Marina tenía una inteligencia postmoderna, así que ella misma se respondió:
―Ya, ya sé: eso da igual; un nombre es un nombre, y ella puede ser francesa y tener el nombre que sea. Los nombres no tienen nacionalidad. Y si ella era francesa y tenía nombre inglés, decidió poner nombres ingleses también a sus hijos.
Sonrieron, miraron alrededor y sin ser vistos se dieron un corto beso en los labios. No querían impresionar a los otros pasajeros, porque la mayoría pensaría que eran padre e hija. No obstante, los nombres de sus cinco hijos, tres varones y dos hembras, los había escogido todos él, no Dora. Ni siquiera le pareció pertinente tener que explicárselo a Marina, que ahora trataba de colocarse los auriculares de su reluciente walkman, ese aparato que comenzaba a extenderse entre los jóvenes, para darse una dosis de Pink Floyd. El suave zumbido que salía de sus orejas llegaba casi imperceptible hasta los oídos de Mario. Le haré comprender a Brahms, pensó él; de vuelta en Madrid, en la casa de la sierra, le haré comprender el concierto número 1, mientras miramos a través de los cuarterones de vidrio el jardín otoñal. Mario solía zafarse de la realidad a cada momento con este tipo de evocaciones; se lo pedía el cuerpo.

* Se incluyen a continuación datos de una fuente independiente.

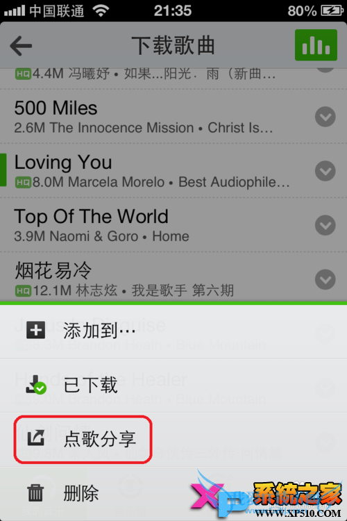 步骤阅读 2接下来在弹出的菜单中选择“点歌分享”,如图所示
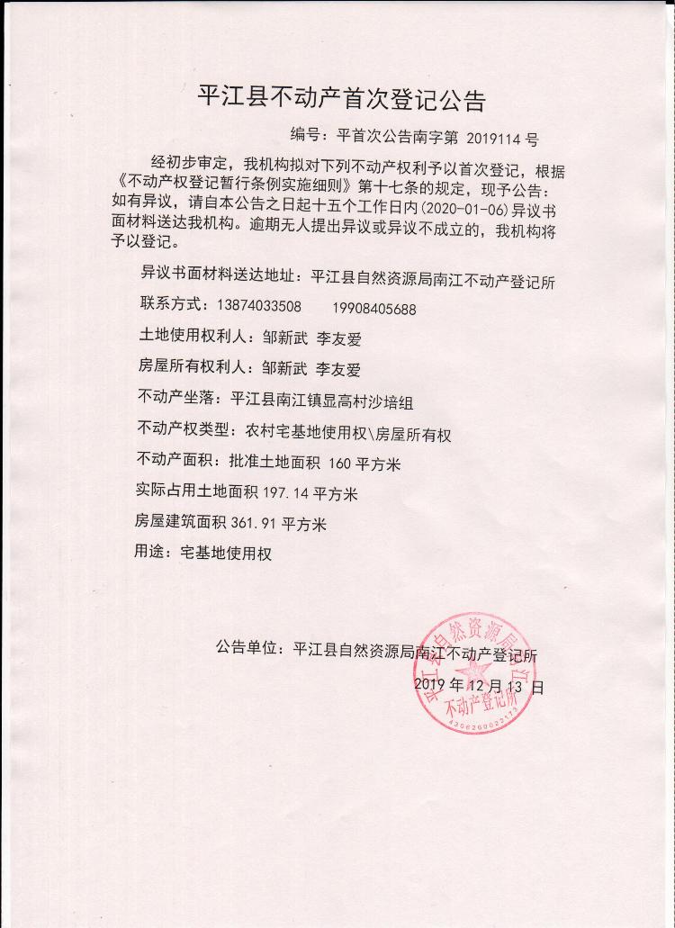 邹新武 李友爱不动产首次登记
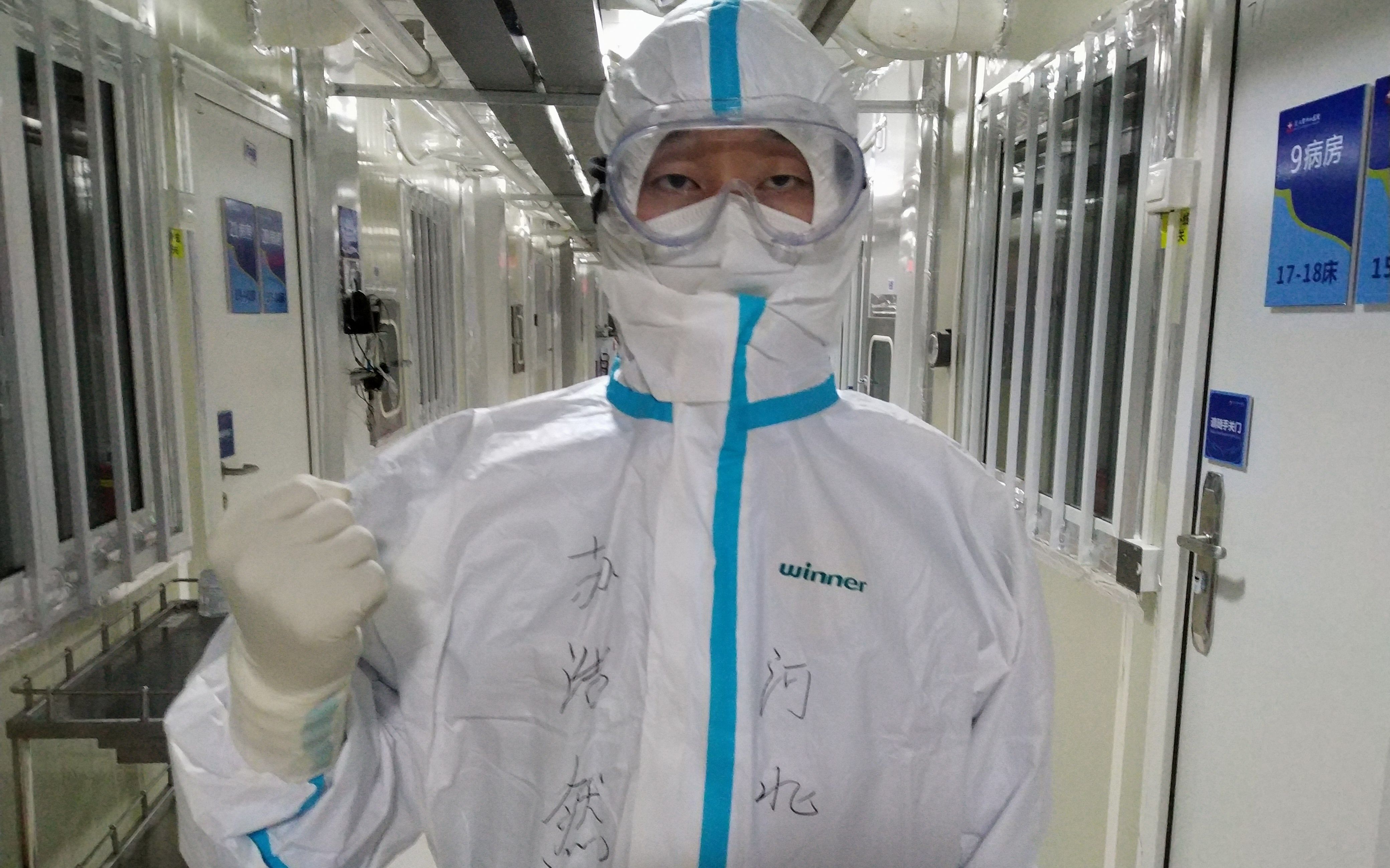 2月19日7點多,終于等到了護理部的通知,告知我今日啟程前往武漢,醫院為我們準備了齊全的物資讓我們沒有后顧之憂。到達武漢之后的前幾天,我們經歷了嚴格的培訓:房間三區分離(清潔區、半污染區、污染區)、咽拭子、血氣分析標本采集、呼吸機以及高流量吸氧機的使用,通過了院感培訓、his系統應用的操作,更在演練中熟悉了穿脫防護服流程。

―¿Quieren zumo con el café? ―les preguntó la azafata―.
Luego pensó que la probabilidad de que él mismo se encontrase en el sofá de piel beige, mientras observaba la parra enrojecida y el jardín revestido de la dulce morbidez del otoño, con el fondo del concierto número 1 de Brahms, era realmente elevada, pero que aquella preciosidad que lo acompañaba siguiera con él era algo más remoto. Aunque para el otoño sólo quedaban un par de meses, ahora esa distancia parecía insalvable. Y las mujeres que pasaban últimamente por su vida solían durarle unas semanas. Marina se postulaba como una persona más inquietante, y por tanto, a parte del sexo, podría ofrecerle un poco más de placer en las meninges, y por tanto durar al menos unos meses. Eso pensaba, mientras trataba frustradamente de perfilar las nalgas de la azafata a través de su falda nada voluptuosa.